Relative volatility versus pressure: For a typical binary mixture in distillation, how does the relative volatility α generally change with increasing system pressure?

Introduction / Context:
Relative volatility α measures the ease of separating two components by distillation. Higher α indicates a larger volatility difference and easier separation. Pressure affects vapor–liquid equilibrium (VLE), which in turn influences α.

Given Data / Assumptions:

• Binary, non-azeotropic mixture over practical pressure ranges.
• No strong associating or pressure-activated complex formation.
• Comparison at the same temperature approach (or along operating range).

Concept / Approach:
As pressure increases, vapor-phase non-ideality and saturation pressures shift such that K-values (y/x ratios) of components tend to converge. This convergence usually lowers relative volatility (α = K_A / K_B), making separation more difficult. Hence low-pressure operation often improves α and reduces stages.

Step-by-Step Solution:
Define α = (y_A/x_A) / (y_B/x_B) = K_A / K_B.Note that with increasing pressure, K-values often move closer to 1 and to each other.Therefore, α generally decreases as pressure rises.Select 'Decreases' as the most representative trend.

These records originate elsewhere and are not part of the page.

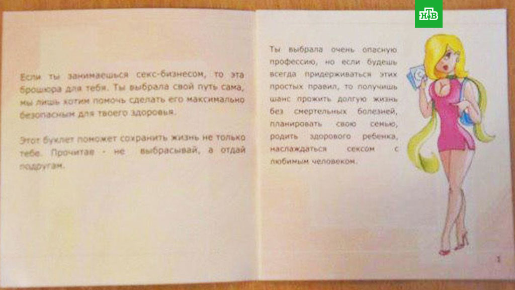 В памятке, кроме правил контрацепции, есть советы для проституток «на каждый день». Например, как надо брать оплату с клиентов, как договариваться с «подругами» и таксистами о сигналах помощи, какие лучше выбирать места для «обслуживания». Кроме того, в брошюрах старшеклассницам рекомендовали избегать пьяных клиентов и изложили правила поведения на случай, если придется обслуживать сразу нескольких мужчин.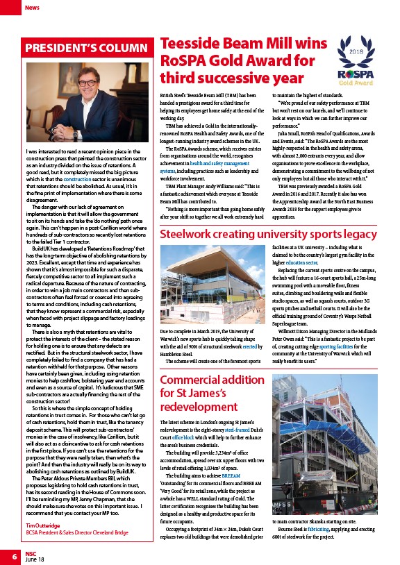 PRESIDENT’S COLUMN Teesside Beam Mill wins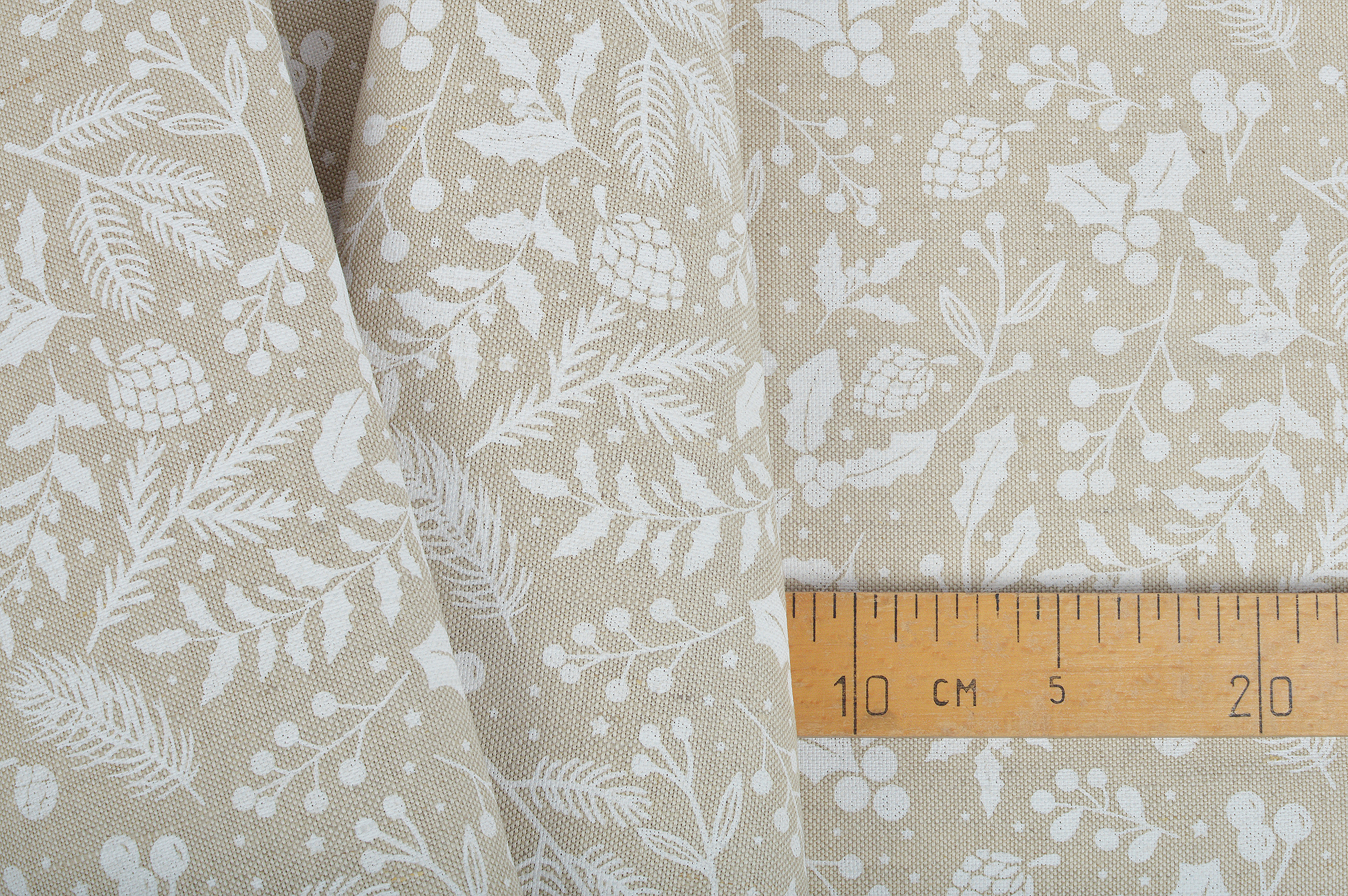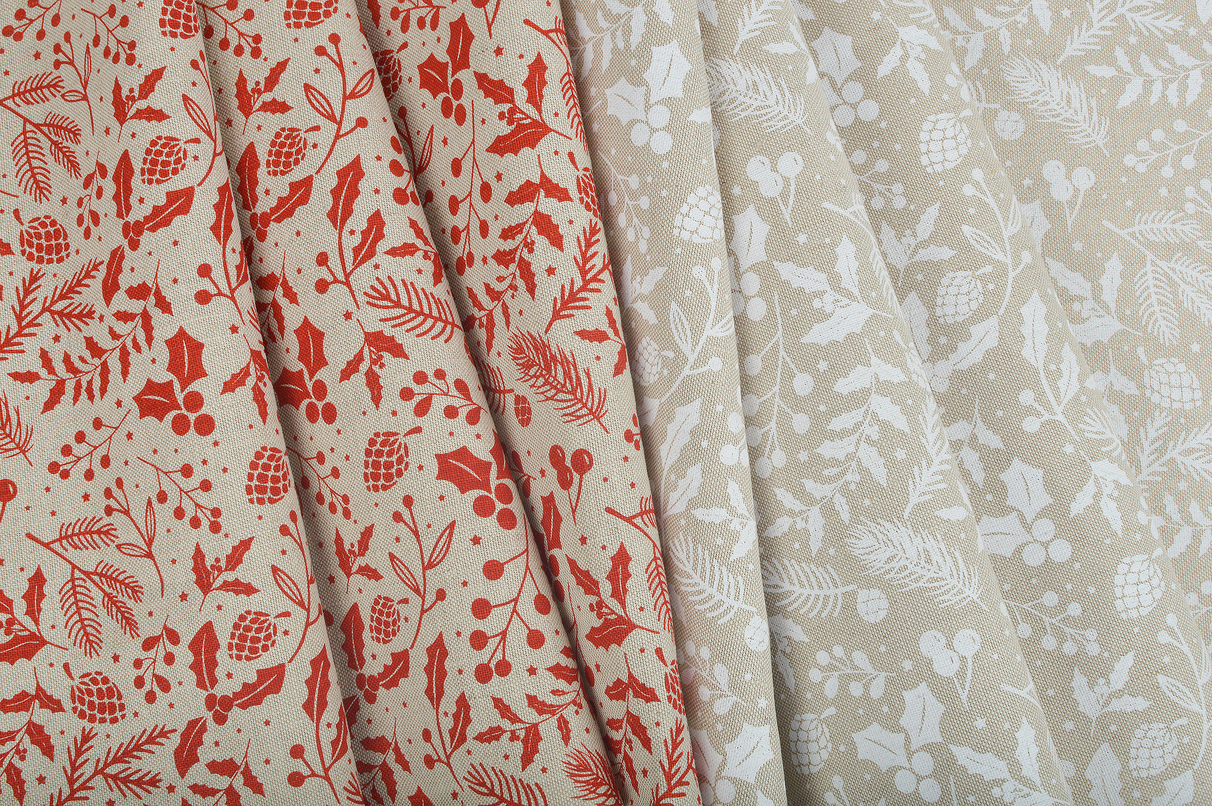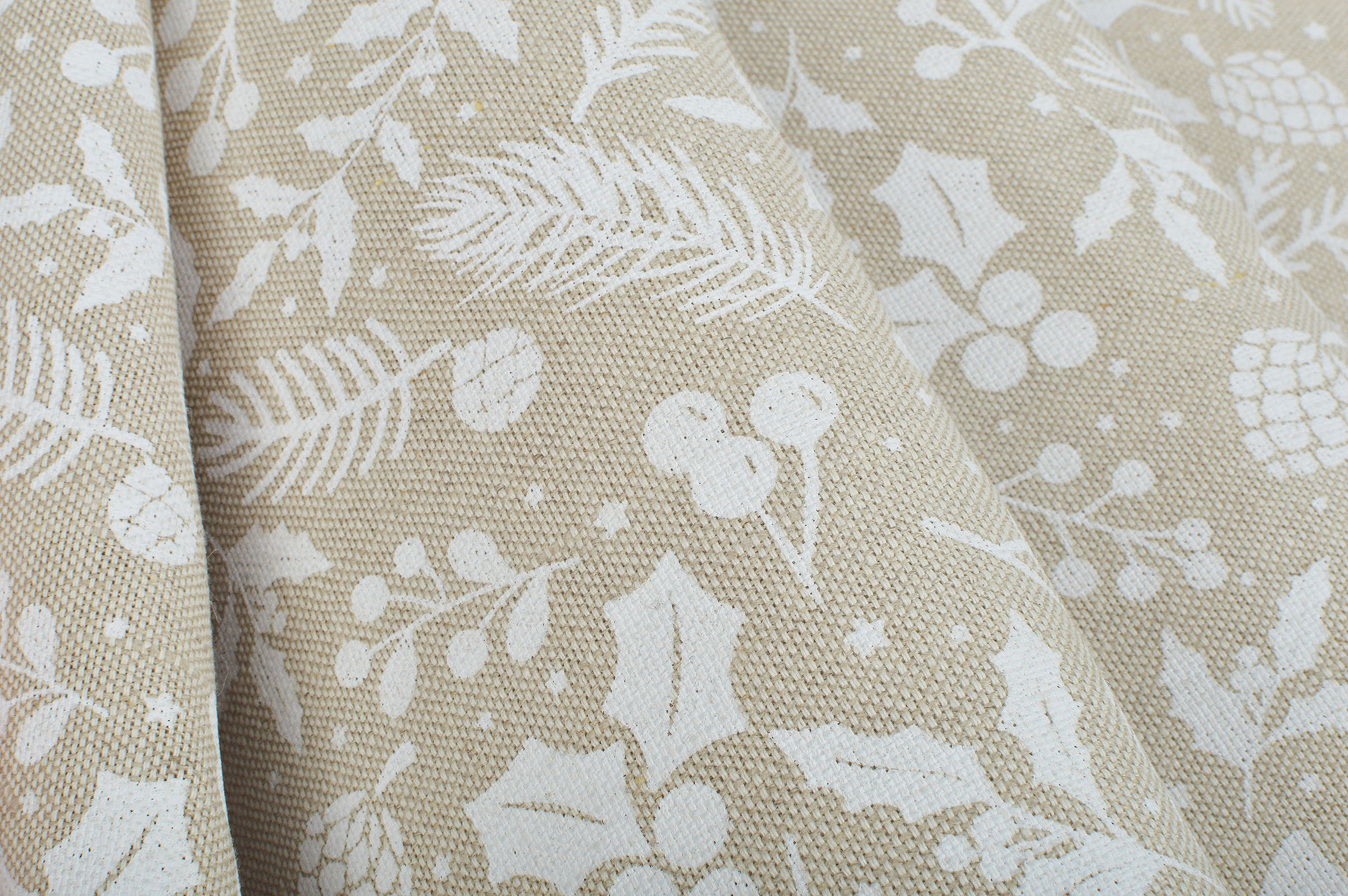 Puslininis audinys, margintas baltos spalvos stilizuotų Kalėdinių augalų motyvais. Audinys nėra minkštintas, todėl išlaiko natūralų, šiek tiek standesnį paviršių – idealų tekstilei, kuriai svarbi forma ir tvirtumas. Puikiai tinka virtuvės tekstilei, stalo gaminiams, namų dekoracijoms bei aksesuarams, kuriuose derinamas funkcionalumas ir estetinė išraiška.

Verification / Alternative check:
VLE charts and process simulators commonly show increased column difficulty (more stages/higher reflux) at higher pressures for many hydrocarbon pairs, consistent with reduced α.

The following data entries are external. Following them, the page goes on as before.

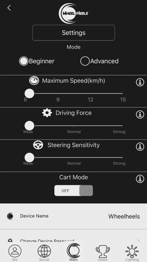 The Wheelheels app is giving users the possibility to interact with their Wheelheels-products, letting them change settings and monitoring technical data inside of the mobility devices.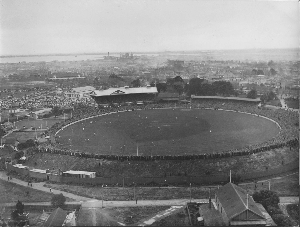 Garrett, W. R. (c1930). [Aerial view of South Melbourne Cricket Ground] [picture] [photograph : gelatin silver]. [pi000443]. State Library Victoria, Melbourne, Victoria. http://handle.slv.vic.gov.au/10381/336815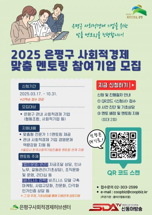 [½Åµ¿¾Æ¹æ¼Û ÀºÆò±¸=À̽ŵ¿±âÀÚ] ÀºÆò±¸´Â °ü³» »çȸÀû°æÁ¦±â¾÷ÀÇ ¼ºÀå Áö¿ø°ú °æ¿µ ¿ª·® °­È­¸¦ À§ÇØ ¡®2025³â ÀºÆò±¸ »çȸÀû°æÁ¦ ¸àÅ丵 »ç¾÷¡¯À» ¿î¿µÇϰí ÀÌ¿¡ Âü¿©ÇÒ ±â¾÷À» ¸ðÁýÇÑ´Ù°í ¹àÇû´Ù.
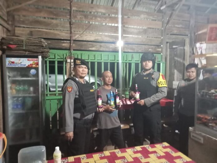 “Kami menyita sedikitnya empat botol minuman keras merek anggur merah merk orang di warung AB. Yang bersangkutan menjual minuman keras secara tersembunyi.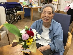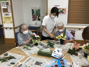 敬老の日をイメージしたフラワーアレンジメントを行いました。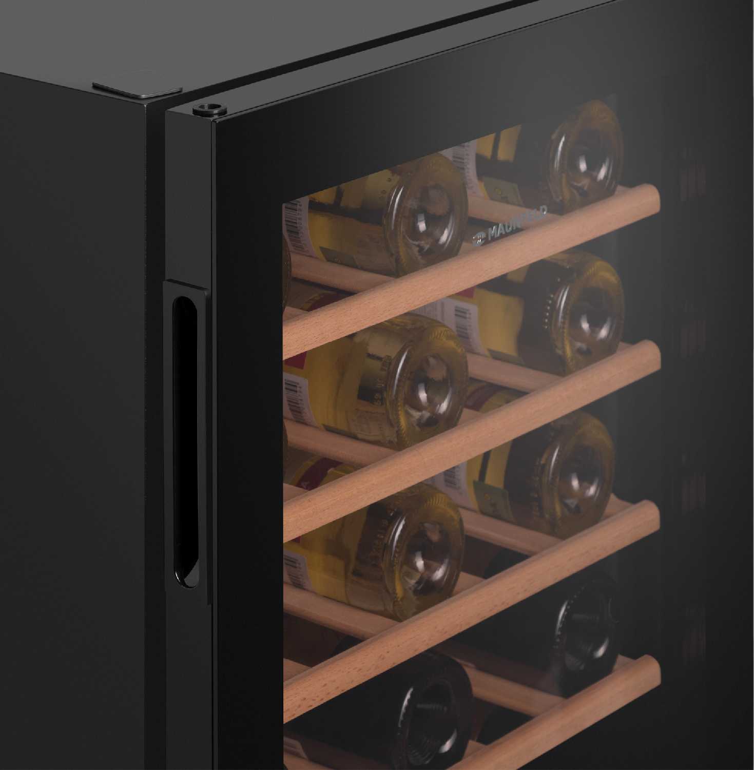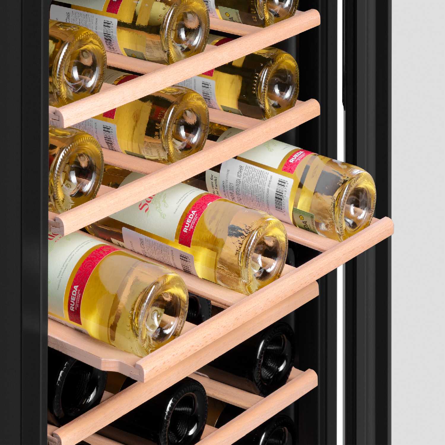 - Полки из натурального бука имеют специальные ложбинки, предотвращающие скатывание бутылок и обеспечивающие их безопасное размещение.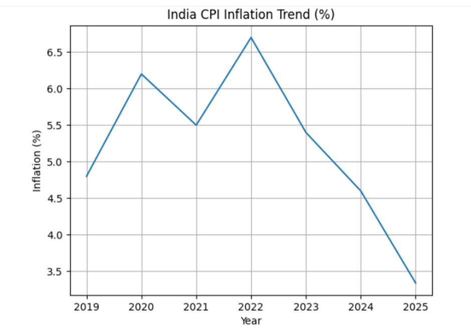 A key starting point is inflation dynamics. India’s consumer price inflation has moderated significantly, declining to approximately 3.34% year-on-year in March 2025. This places inflation comfortably within the Reserve Bank of India’s target band of 2–6%, with a medium-term target of 4%. The trajectory of inflation over recent years highlights both the volatility induced by global shocks and the subsequent stabilisation driven by domestic policy.

Why Other Options Are Wrong:
'Increases' is uncommon except for special systems; 'remains the same' ignores VLE pressure sensitivity; 'either/or' is too vague for the general rule-of-thumb expected in fundamentals.

Common Pitfalls:

• For azeotropic/associating systems, trends can deviate; the question seeks the general case.
• Confusing α changes due to pressure with temperature effects along the column.

Final Answer:
Decreases